LITTLE BLUE IVY TEETERING AROUND ON A DAMN YACHT

BLUE IVY TESTS HER SEA LEGS ABOARD JAY-Z's YACHT

Is it wrong to be obsessively, insanely jealous of perfectly sweet, innocent toddlers? It isn't? Great! Because I am literally powerless before the bubbling volcano of envy that erupts inside of me every time I see a photo of some clueless baby who is living the life I should be living, through no stellar accomplishment on their part other than simply exiting an A-lister's birth canal. Get a load of these pictures of Blue Ivy (Pedigree: Sired by Jay-Z, delivered unto us by Beyonce) toddling around on a luxury yacht and Harper (Pedigree: Sired by Becks, delivered unto us by Posh), being fed something, anything, could be crack pudding for all I know, who friggin' cares WHAT it is, it's being bottle-fed to her by the chiseled, tatted arms of David goddam Beckham! It's an outrage! A disgrace! An abomination!

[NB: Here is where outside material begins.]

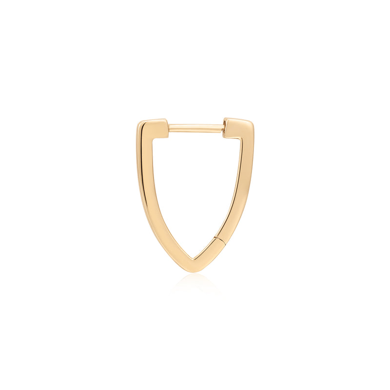 The Amal huggie in sleek 14 kt yellow gold offers a minimalist, modern design with a smooth, flat profile. This stylish and versatile piece adds a subtle touch of elegance, perfect for everyday wear or stacking with other earrings.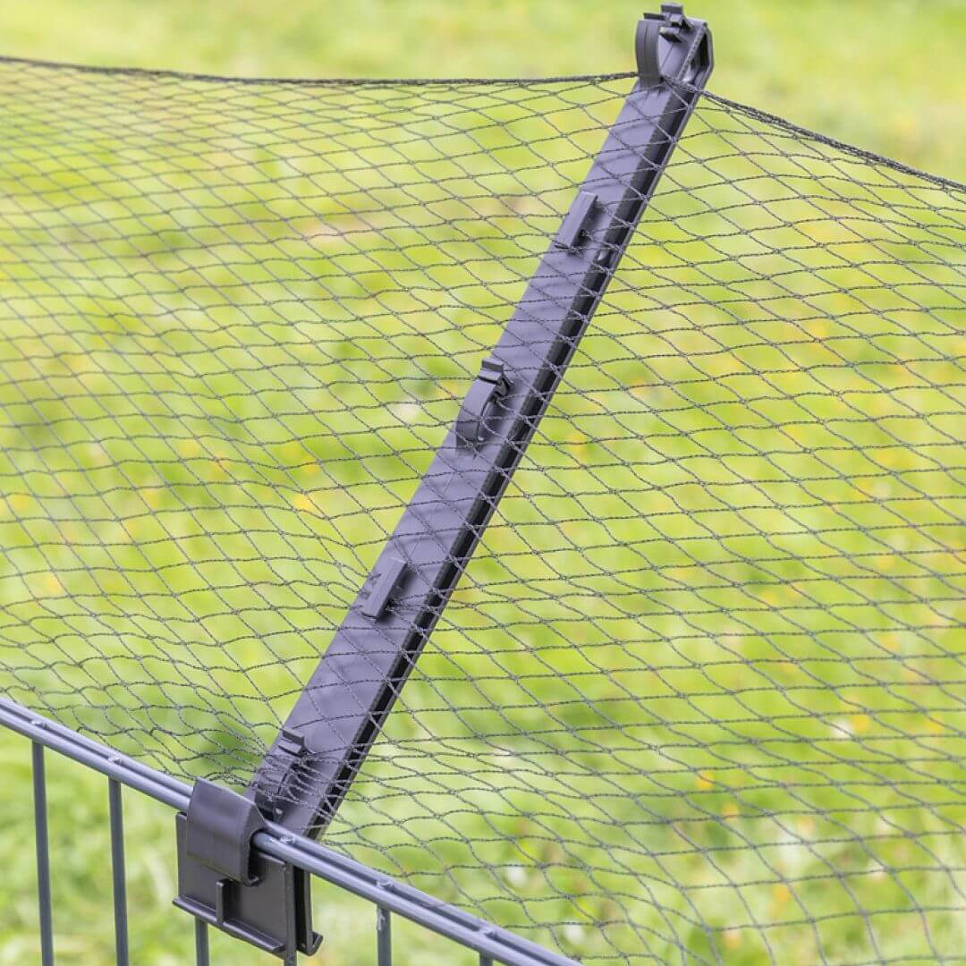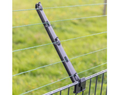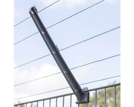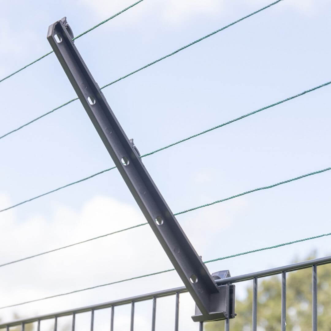 Изолатор за ограда против катерене по различни видове вредители. Общата дължина на рамото е приблизително 40 см и е под ъгъл от 45° градуса . Монтаж без използване на инструменти. Т-образна конструкция за сигурно закрепване. Може да се щракне във всяка част на оградата. Стабилно закрепване.

EDITOR'S NOTE: I apologize on behalf of everyone, everywhere, for that rant up there. They're just innocent  children, for God's sake.

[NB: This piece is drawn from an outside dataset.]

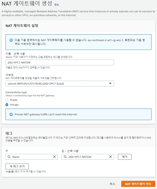 원하는 Tag가 있다면 추가로 입력을 하고, 'NAT 게이트웨이 생성'을 클릭합니다.

MY NOTE: DO YOU THINK BLUE IVY EVEN KNOWS SHE'S ON A YACHT? She could be on a sticky  flophouse carpet for all she knows or cares! It's not fair! It's ... *thwack!!!* Z-Z-Z-Z-Z-Z-Z-Z-Z-Z-Z-Z-Z-Z
EDITOR'S NOTE: *flexes wrist, winces* Whew. It's getting harder and harder to knock this bitch out.